[Recorded data]:
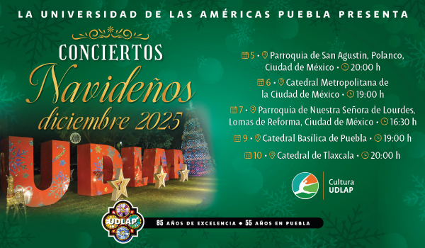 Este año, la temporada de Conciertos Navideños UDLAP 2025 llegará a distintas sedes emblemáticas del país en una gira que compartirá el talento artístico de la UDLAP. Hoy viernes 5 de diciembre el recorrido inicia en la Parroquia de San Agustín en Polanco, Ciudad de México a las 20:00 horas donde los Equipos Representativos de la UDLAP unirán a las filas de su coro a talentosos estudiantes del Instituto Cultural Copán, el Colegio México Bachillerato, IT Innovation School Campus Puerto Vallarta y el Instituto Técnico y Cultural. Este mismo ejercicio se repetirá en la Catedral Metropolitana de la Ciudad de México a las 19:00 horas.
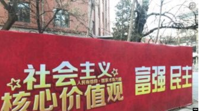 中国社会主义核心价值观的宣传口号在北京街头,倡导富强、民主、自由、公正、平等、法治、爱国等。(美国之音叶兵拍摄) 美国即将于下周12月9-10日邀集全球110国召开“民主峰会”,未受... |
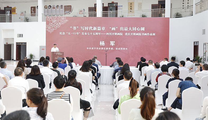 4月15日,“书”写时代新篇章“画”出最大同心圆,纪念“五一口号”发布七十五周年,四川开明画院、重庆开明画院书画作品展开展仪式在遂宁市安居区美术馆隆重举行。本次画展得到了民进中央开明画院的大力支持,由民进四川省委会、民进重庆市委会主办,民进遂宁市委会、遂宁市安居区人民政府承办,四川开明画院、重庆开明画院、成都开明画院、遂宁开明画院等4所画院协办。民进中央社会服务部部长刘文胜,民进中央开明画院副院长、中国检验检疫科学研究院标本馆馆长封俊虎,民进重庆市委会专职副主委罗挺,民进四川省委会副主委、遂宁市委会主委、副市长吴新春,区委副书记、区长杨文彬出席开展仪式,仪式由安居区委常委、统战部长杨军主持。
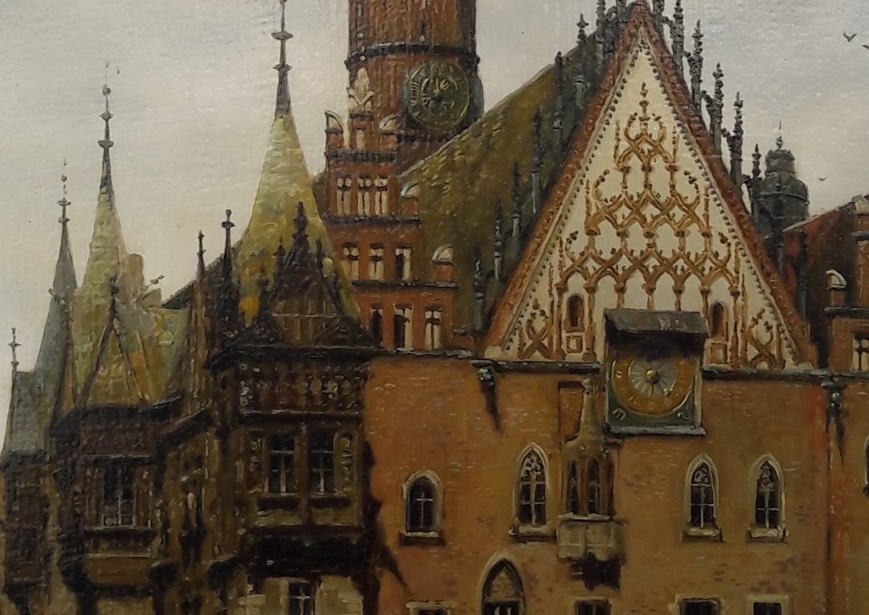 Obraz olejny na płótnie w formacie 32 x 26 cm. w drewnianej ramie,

==

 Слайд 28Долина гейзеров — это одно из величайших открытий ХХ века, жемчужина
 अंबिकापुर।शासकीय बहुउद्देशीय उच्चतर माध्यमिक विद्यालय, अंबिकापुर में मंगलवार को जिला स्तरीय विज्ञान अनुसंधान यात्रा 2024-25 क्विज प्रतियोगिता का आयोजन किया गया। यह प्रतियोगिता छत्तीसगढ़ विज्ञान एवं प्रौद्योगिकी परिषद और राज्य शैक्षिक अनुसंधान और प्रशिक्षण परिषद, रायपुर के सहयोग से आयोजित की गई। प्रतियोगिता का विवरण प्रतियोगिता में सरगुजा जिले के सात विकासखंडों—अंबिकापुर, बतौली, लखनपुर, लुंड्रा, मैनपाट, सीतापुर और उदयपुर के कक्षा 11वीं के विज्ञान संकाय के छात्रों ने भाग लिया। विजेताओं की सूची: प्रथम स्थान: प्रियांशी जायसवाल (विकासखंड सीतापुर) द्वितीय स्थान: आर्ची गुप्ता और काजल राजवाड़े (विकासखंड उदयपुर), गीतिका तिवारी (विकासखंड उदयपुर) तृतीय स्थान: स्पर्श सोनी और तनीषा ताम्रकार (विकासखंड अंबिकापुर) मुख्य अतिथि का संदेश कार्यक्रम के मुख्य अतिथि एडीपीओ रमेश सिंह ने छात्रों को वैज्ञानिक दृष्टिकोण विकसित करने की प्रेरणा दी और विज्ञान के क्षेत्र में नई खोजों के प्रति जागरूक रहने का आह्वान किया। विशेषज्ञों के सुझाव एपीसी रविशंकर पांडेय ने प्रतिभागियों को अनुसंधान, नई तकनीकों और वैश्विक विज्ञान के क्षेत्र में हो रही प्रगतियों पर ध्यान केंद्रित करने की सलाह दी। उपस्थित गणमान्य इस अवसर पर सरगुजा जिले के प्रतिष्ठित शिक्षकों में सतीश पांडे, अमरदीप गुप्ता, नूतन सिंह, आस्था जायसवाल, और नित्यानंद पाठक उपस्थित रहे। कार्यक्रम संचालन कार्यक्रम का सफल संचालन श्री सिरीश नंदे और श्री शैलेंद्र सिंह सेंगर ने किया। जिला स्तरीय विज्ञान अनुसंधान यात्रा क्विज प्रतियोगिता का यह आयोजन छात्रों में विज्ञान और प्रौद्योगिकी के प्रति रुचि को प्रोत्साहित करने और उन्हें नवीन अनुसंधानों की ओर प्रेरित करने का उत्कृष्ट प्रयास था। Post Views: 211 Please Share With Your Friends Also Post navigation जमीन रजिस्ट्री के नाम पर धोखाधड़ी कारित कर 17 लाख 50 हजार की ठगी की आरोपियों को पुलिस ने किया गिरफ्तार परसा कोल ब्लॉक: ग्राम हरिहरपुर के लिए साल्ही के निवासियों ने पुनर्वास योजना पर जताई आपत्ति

[What to do]: Repeat only the stretch of data above that runs from the line with "Este año, la" to the line with "Obraz olejny na". Keep both end lines; exclude pictures.

[Task answer]:
 Este año, la temporada de Conciertos Navideños UDLAP 2025 llegará a distintas sedes emblemáticas del país en una gira que compartirá el talento artístico de la UDLAP. Hoy viernes 5 de diciembre el recorrido inicia en la Parroquia de San Agustín en Polanco, Ciudad de México a las 20:00 horas donde los Equipos Representativos de la UDLAP unirán a las filas de su coro a talentosos estudiantes del Instituto Cultural Copán, el Colegio México Bachillerato, IT Innovation School Campus Puerto Vallarta y el Instituto Técnico y Cultural. Este mismo ejercicio se repetirá en la Catedral Metropolitana de la Ciudad de México a las 19:00 horas.
 中国社会主义核心价值观的宣传口号在北京街头,倡导富强、民主、自由、公正、平等、法治、爱国等。(美国之音叶兵拍摄) 美国即将于下周12月9-10日邀集全球110国召开“民主峰会”,未受... |
 4月15日,“书”写时代新篇章“画”出最大同心圆,纪念“五一口号”发布七十五周年,四川开明画院、重庆开明画院书画作品展开展仪式在遂宁市安居区美术馆隆重举行。本次画展得到了民进中央开明画院的大力支持,由民进四川省委会、民进重庆市委会主办,民进遂宁市委会、遂宁市安居区人民政府承办,四川开明画院、重庆开明画院、成都开明画院、遂宁开明画院等4所画院协办。民进中央社会服务部部长刘文胜,民进中央开明画院副院长、中国检验检疫科学研究院标本馆馆长封俊虎,民进重庆市委会专职副主委罗挺,民进四川省委会副主委、遂宁市委会主委、副市长吴新春,区委副书记、区长杨文彬出席开展仪式,仪式由安居区委常委、统战部长杨军主持。
 Obraz olejny na płótnie w formacie 32 x 26 cm. w drewnianej ramie,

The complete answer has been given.